Copy out exactly the stretch below, from the line with "Le nom du barrage" through the line with "Vytvorené oči zväčšite", both included; the pictures stay out.

Collected data:
══════════════════════════════
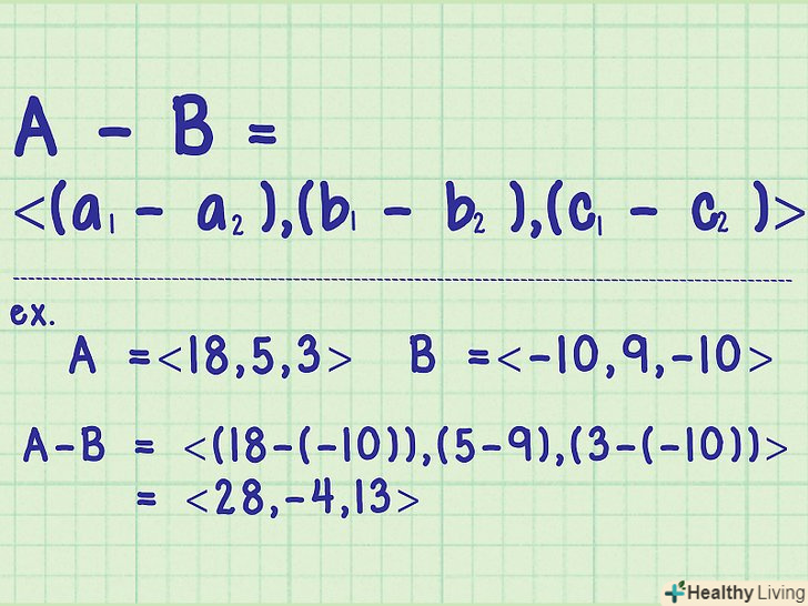 Для віднімання одного вектора з іншого необхідно відняти відповідні компоненти. як буде показано нижче, віднімання можна замінити складанням одного вектора і вектора, зворотного іншому. Якщо компоненти двох векторів відомі, відніміть відповідні компоненти одного вектора з компонентів іншого.- A-B = lt;a1-a2,b1-b2,c1-c2gt;
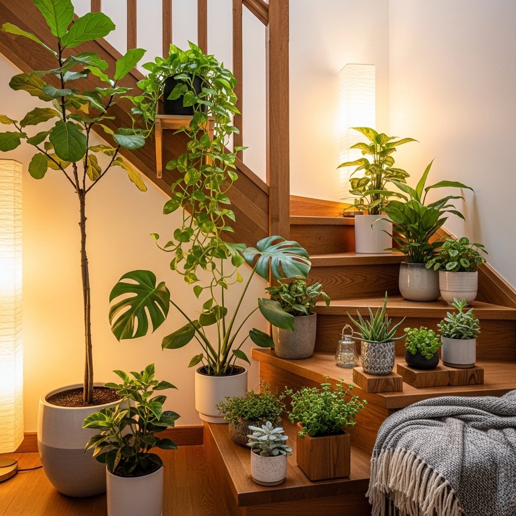Low-maintenance indoor plants like pothos, snake plants, peace lilies, and small ferns work best for stairs. These plants thrive in indirect sunlight and don’t require frequent watering. Choosing hardy plants ensures your staircase remains beautiful without much effort.
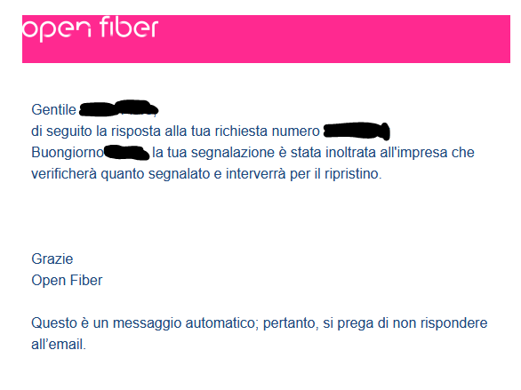 lollapalooza MatteoK Non li fa mica infratel i piani ma gli operatori vari, magari c'è stato un errore di trascrizione ma di certo non possono telefonare a OF (ad esempio) e dire "no voi coprite anche il civico 12" Ho scritto io ad OF :-) Tramite il "contattaci" sul sito. Ecco cosa mi hanno risposto:
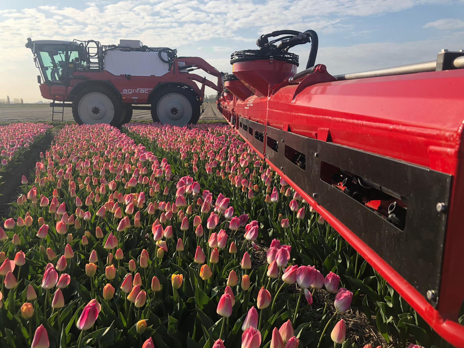 Last week we delivered a new Agrifac Condor to Dümmen Orange Calla, and what a beautiful pictures that resulted! From 285 hp strong FPT engine ensures smooth operation of the powerful drivetrain and the fans on 33 meter wide AirFlowPlus boom. This tree with air support and caps every 25 cm meets the latest requirements. FastFoldPlus and ProActivePlus balance are also part of this sturdy spray boom.
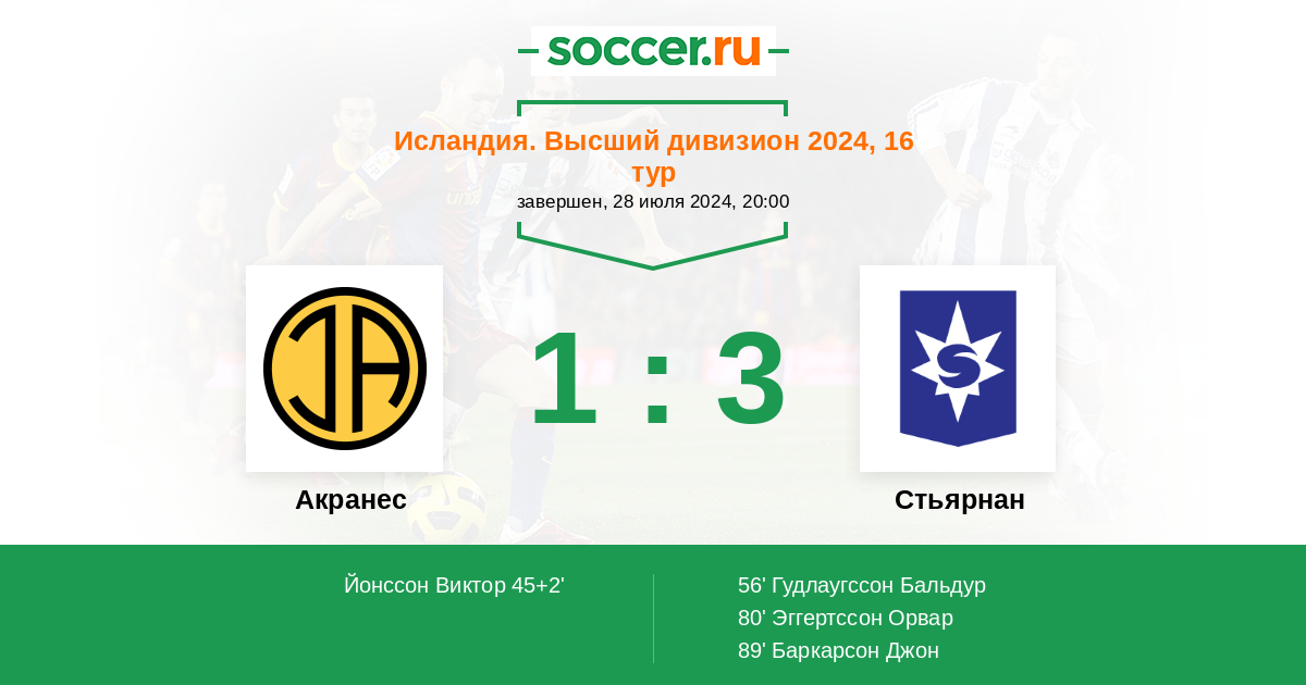| Акранес | Стьярнан | |
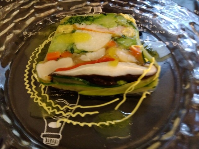 ・帆立貝と蟹と野菜のテリーヌ モザイク仕立て
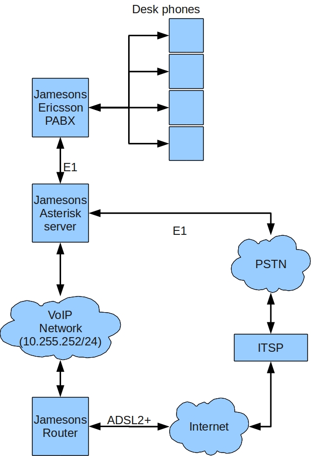 General. All Strata Management agencies have a heavy use of phones. George has an Ericssons PABX installed with a Telstra On-Ramp digital telephone line coming into this establishment. By interposing the Asterisk PABX between the Telstra line and the Ericsson, it was possible to allow all calls to come in through the Telstra lines and for all out-going calls to use a number of companies providing Internet Telephony services at very much reduced rates. It was also possible to provide a number of other superior features through the use of the Asterisk PABX that were not available from the Ericsson. As a consequence of this arrangement, Jamesons now save around $800.00 per month on telephone calls.
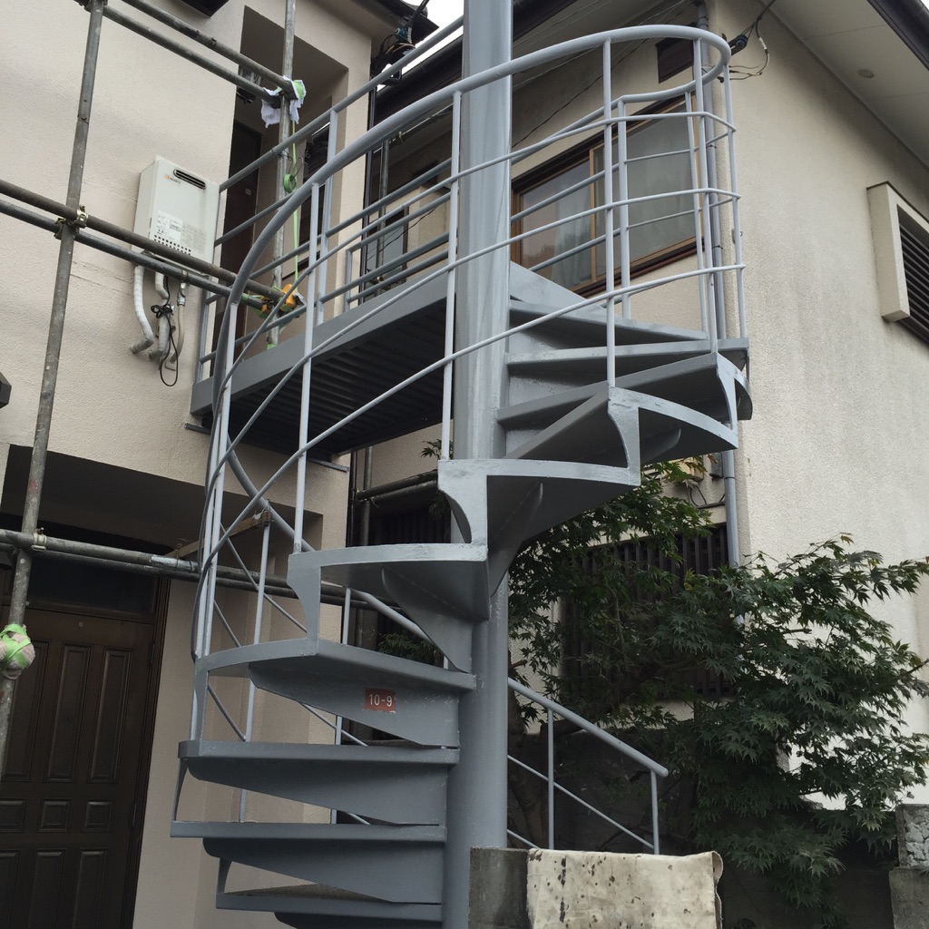 鉄骨階段塗装。マイルドシリコン 色グレーにて塗装。
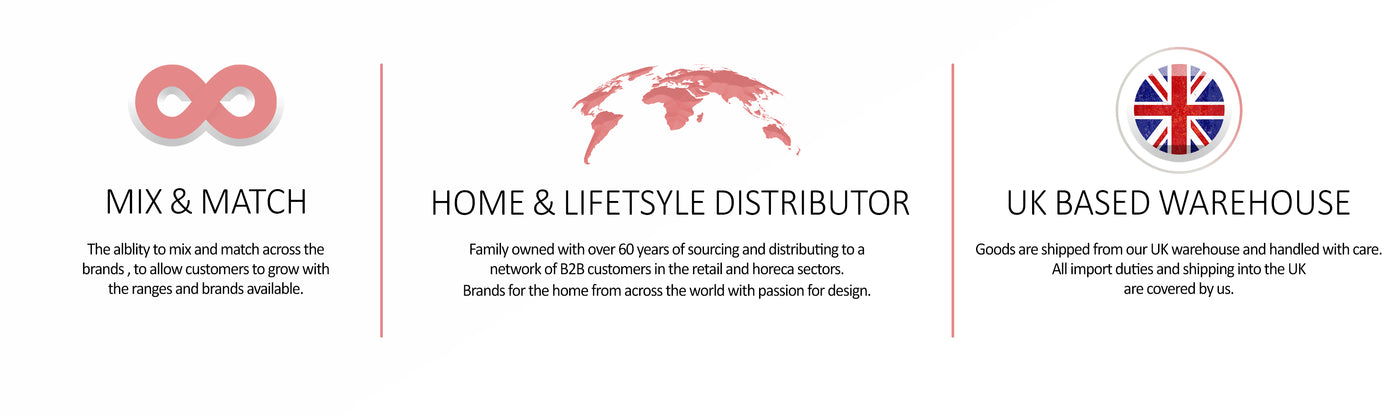 Established for over 50 years, we exclusively manage and distribute a diverse portfolio of design-led home & giftware across the UK, supplying an incredible mix of both independent and national retailers including John Lewis, Lakeland, Harvey Nichols and Asos.
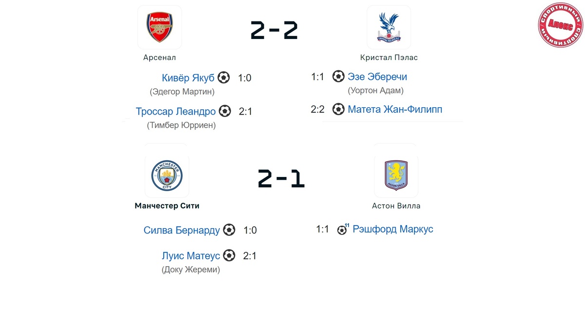 Друзья, состоялся 34 тур в английской премьер-лиге. В этом обзоре вас ждут результаты сыгранных матчей и турнирная таблица. Арсенал на «Эмирейтс» принимал Кристал Пэлас. «Гости» начинали с центра поля, но, когда мяч оказался у «канониров», Якуб Кивёр на 3-й минуте с навеса Эдегора в прыжке головой открыл счёт. В середине тайма Кристал Пэлас подал заготовленный угловой. Эзе Эберечи пробил с лёта и от штанги сравнял счёт (1:1). Арсенал 64% времени контролировал мяч и под перерыв забил второй свой гол. Троссард получил проникающую передачу, пробил из-под защитника и мяч от рикошета медленно влетел в ворота соперника (2:1). В дебюте второй половины Троссард должен был делать дубль, но счет не изменился. Арсенал имел ещё ряд выгодных моментов, но на 82-й минуте Кристал Пэлас перехватил мяч. Матета, 4 минуты назад вышедший на замену, черпачком забил отличный мяч в пустые ворота (2:2). В следующем туре Арсенал сыграет с Борнмутом. Манчестер Сити принимал Астон Виллу. В первой же атаке Рэшфорд
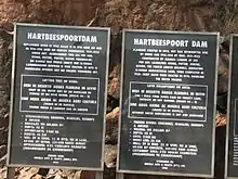 Le nom du barrage signifie « Porte des hartbees » (hartbees ou hartebees étant le nom en afrikaans d'une espèce d'antilope sud-africaine).
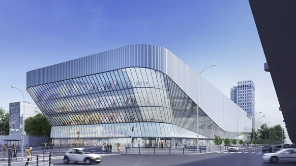 Мне не удалось сфотографировать, но под этой полукруглой четырехэтажной пристройкой находится въезд в подземный паркинг. А в самой пристройке (с другого торца такая же) поселятся спортивно-оздоровительный центр и офисный комплекс с рестораном. В цокольном этаже расположатся офисные помещения.
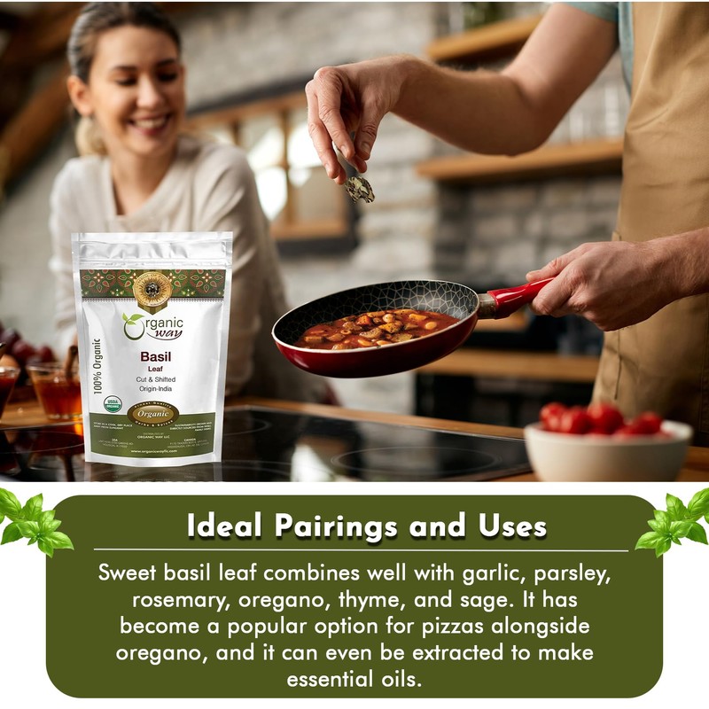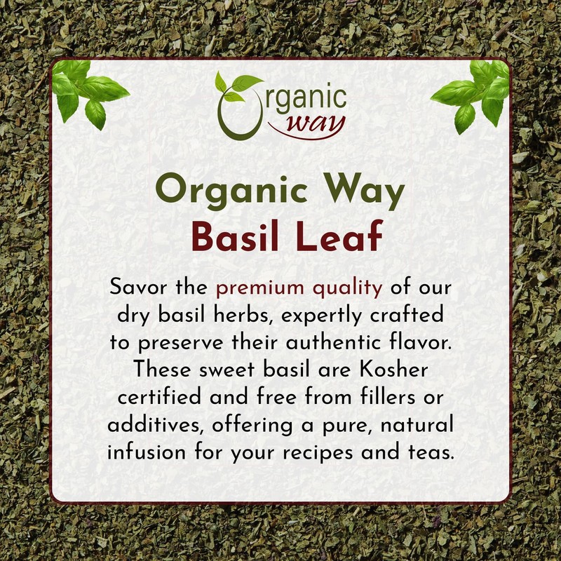 Organic Way Organic Way Basil Leaf Cut and Sifted | Non GMO, Kosher, USDA Certified Organic Basil Leaves | Dried and Ground C Peppery and Aromatic Seasoning for Soups | 100% Raw from India (4 OZ)
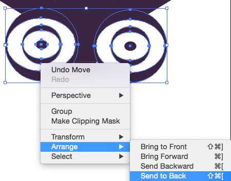 Vytvorené oči zväčšite a presuňte podľa obrázku. Potom ich umiestnite na poslednú vrstvu. Príkazom Arrange.
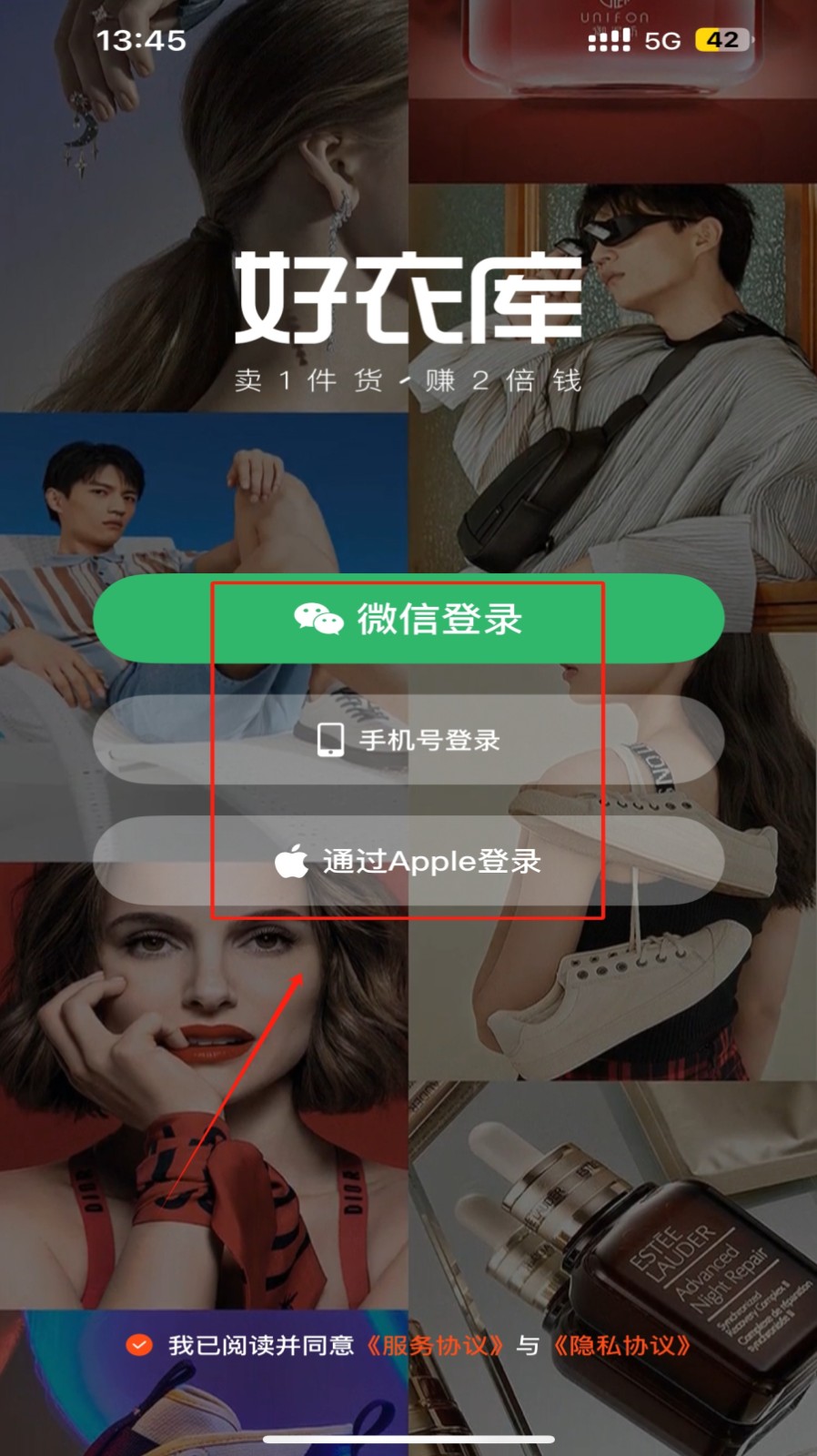 2、选择微信、手机号或Apple账号登录,开始使用好衣库Pro。
══════════════════════════════
Exercise result:
 Le nom du barrage signifie « Porte des hartbees » (hartbees ou hartebees étant le nom en afrikaans d'une espèce d'antilope sud-africaine).
 Мне не удалось сфотографировать, но под этой полукруглой четырехэтажной пристройкой находится въезд в подземный паркинг. А в самой пристройке (с другого торца такая же) поселятся спортивно-оздоровительный центр и офисный комплекс с рестораном. В цокольном этаже расположатся офисные помещения.
 Organic Way Organic Way Basil Leaf Cut and Sifted | Non GMO, Kosher, USDA Certified Organic Basil Leaves | Dried and Ground C Peppery and Aromatic Seasoning for Soups | 100% Raw from India (4 OZ)
 Vytvorené oči zväčšite a presuňte podľa obrázku. Potom ich umiestnite na poslednú vrstvu. Príkazom Arrange.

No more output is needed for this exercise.